Tehdit

110 11 0
                                    


Halsey - The Lighthouse

Kabul etmiştim. Ve şu anda Lulu beni akşam için hazırlıyordu. En son Lord ile yemek yediğimde hiçte hoş şeyler yaşamamış olsam da onu reddetmek gibi bir lüksüm yoktu.

Lulu elbisemin tüllerini düzelttikten sonra geri çekildi ve bende aynadaki aksimi net bir şekilde görebilmiştim. Üzerime uzun bir elbise giymiştim. Elbisenin etrafında kahverenginin açık bir tonunda tül vardı. İlk başta siyah bir şeyler giymek istemiştim ama Lulu buna katı bir şekilde karşı çıkmıştı. Sebebini tam anlamasam da çok sorgulamamıştım. Arkama döndüm ve Lulu'ya gülümsedim.

"Teşekkür ederim Lulu ."

"Ne demek hanımım."

Aynaya son bir kere daha baktım ve Lord'un odasına gitmek için yola koyuldum.
Açıkcası Lord ile benim odam arasında hatırı sayılır bir mesafe vardı. Bu yüzden yaklaşık on dakika sonra Lord'un kapısının önüne gelebilmiştim. Normalde burada muhafızların olması gerekmiyor muydu? Neden kimse yoktu? Bir süre daha etrafa göz gezdirdim ama ne gelen vardı ne de giden.

"Lordum aklınızdan neler geçiyor sizin?! Ne diye o kadını yemeğe çağırıyorsunuz?"

Bana tanıdık gelen ses ile konuşmaya kulak kesildim. Bu sefer içeriden Lord'un tehditkar sesi duyuldu.

"Ne zamandır sana hesap vermem gerekiyor?"

"Lordum yapmayın. Eğer size yemekte birinin eşlik etmesini isterseniz bu ben olabilirim. O kadına gerek yok."

Yine "o kadın". Galiba benden bahsediyordu.

"Yeter artık Kalina! Kendine gel. Kiminle yemek yiyip yemeyeceğime ben karar veririm. Şimdi çık dışarı."

"Ama Lordum..."

"Ne dediğimi duymadın mı? Sana çık dışarı dedim."

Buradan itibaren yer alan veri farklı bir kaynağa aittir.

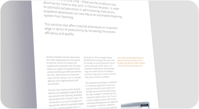 Automated dispensary for Chinese clinics Robotics as a remedy for stressed pharmacists Tight spaces and little time – these are the conditions that pharmacists have to deal with in Chinese hospitals. In order to optimally exclude errors in administering medications, outpatient pharmacies can now rely on an automated dispensing system from Swisslog. This solution also o昀昀ers hospital pharmacies an important edge in terms of productivity by increasing the process e昀昀iciency and quality. Chinese hospitals and their pharmacies it possible to fill the transport basket �As a result, the Swisslog solution pro- are under ongoing pressure; thousands and distribute the drugs at the same time. vides an enormous increase in terms of patients need to be treated and On average, ten prescriptions per minute of speed, but above all it offers a drastic supplied with medication daily. The phar- can be processed, which reduces the reduction of drug dispensing errors. macies are subject to constant intense customers' waiting time. During dispen- activity, handling up to 600 prescriptions sing, the system checks the storage in per hour. Medications are dispensed real time using a laser scanner to ensure every second. Human error is unavoid- that plenty of stock is available. able due to the highly stressful work environment. This automation technology is embedded in a software application, which auto- This has now fundamentally changed matically checks the prescription and thanks to an intelligent hospital dispen- thereby ensures that the right drug at sary solution from Swisslog, developed the right strength is removed from the specifically for the Chinese market. The respective cabinet every time. The pre- combination of a special management scription analysis, patient information, app and the UniPick 2 automation largely and drug handling process are paperless prevents. largely prevents errors. In throughout. In addition, important addition, the manual process of drug performance indicators are measured and prescription management is digitized, and presented in real time on a KPI increasing the hospitals’ productivity. (key performance indicator) dashboard. Information about prescription category, UniPick 2 consists of a conveyor that dispensing status, inventories etc. moves vertically up and down on the stor- can be compiled in a graphical report age racks as well as a robotic loading and archived. This enables continuous module, the combination of which makes digitized inventory management. 80�81

Kulağımı dayadığım kapıdan hızla birkaç adım uzaklaştım. Tam o sırada benim şaşkın bakışlarım Cariye'nin öfkeli bakışlarıyla buluştu. Beni burada gördüğüne şaşırmış olsa da kısa süre sonra bakışlarını tekrar bir öfke kapladı. Bana doğru geldi ve kulağıma eğildi.

"Sakın kendini bir şey sanıpta onunla yakınlaşmaya kalkma. Yoksa buradaki hayatının cehennemden farkı olmaz ."

Gözlerimi kısdım. Cariye doğrulacağı sırada onu yakasından tutup kendime çektim ve bu sefer de ben onun kulağına yaklaştım. Cariye şaşkınlıkla yerinde debelendi. Ben ise onu daha sıkı tuttum ve gitmesine izin vermedim. Öfkelendiğimi belli eden bir ses tonuyla kulağına fısıldadım.

"Siz kim oluyorsunuz da bana emir verebiliyorsunuz? Karşınızda Lord'un karısı bulunuyor. Yani, yerini bil... " nefesimi yavaşça kulağına üfledim. Etrafa yaydığım enerji ve Cariye'nin üzerinde kurduğum baskı gözle görülür derecede fazlaydı. Cariye'nin titrediğini hissedebiliyordum. Yine de onu bırakmadım ve sözlerimi her bir kelimenin üzerinde durarak tamamladım. "... Seni küçük soytarı."

Yavaşça geri çekildim ve Cariye'nin yakasını bıraktım. Az önce hiçbir şey olmamış gibi yüzüme masum bir gülümseme takındım. Sıktığım için buruşan yakasını düzeltiyormuş gibi yaptım.

"Lord için olan endişenizi anlıyorum. Ama lütfen aşırıya kaçmayın. Size iyi geceler dilerim."

Yanından yüzüme yerleştirdiğim zafer gülümsemem ile geçtim ve Lord'un odasına girdim. Lord yaslandığı masadan bana bakıyordu. Anlaşılan az önceki konuşmaya şahit olmuştu. Eteklerimden tutarak onu selamladım.

" İyi akşamlar dilerim, Lordum. "

Doğruldum ve gözlerinin içine baktım. Sakince yaslandığı yerden doğruldu ve masanın başında bulunan sandalyeye oturdu. Eliyle de yanındaki sandalyeyi göstererek bana baktı.